- TASK TO COMPLETE
All lines from the one bearing "2 Pack Set Bow" through the end of the data below must be printed exactly as they stand, with pictures removed.

- GIVEN MATERIAL
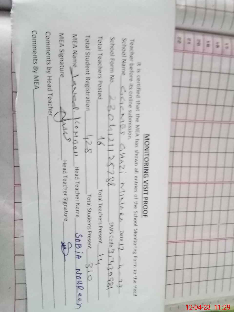 | Attendance Register | Head Teacher | MEA with School | Visit Proof |
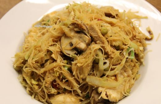 Heute ist mir etwas asiatisch zumute. In etwa 30 Minuten habt ihr dieses leckere Reisnudelgericht fertig.
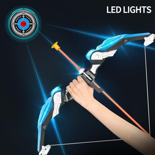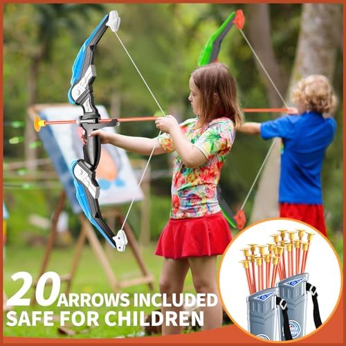 2 Pack Set Bow and Arrow Archery Toy for Kids, LED Light Up with 20 Suction Cup Arrows Target & Quiver, Outdoor Toys Kids Boys Girls Ages 3-12 Years Old
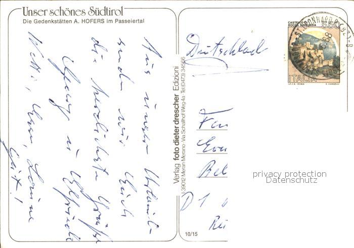 old postcard Passeier Gedenkstaetten Andreas Hofers Kapellen postalisch gelaufen Erhaltung siehe scans

- OUTPUT FOR THIS TASK
 2 Pack Set Bow and Arrow Archery Toy for Kids, LED Light Up with 20 Suction Cup Arrows Target & Quiver, Outdoor Toys Kids Boys Girls Ages 3-12 Years Old
 old postcard Passeier Gedenkstaetten Andreas Hofers Kapellen postalisch gelaufen Erhaltung siehe scans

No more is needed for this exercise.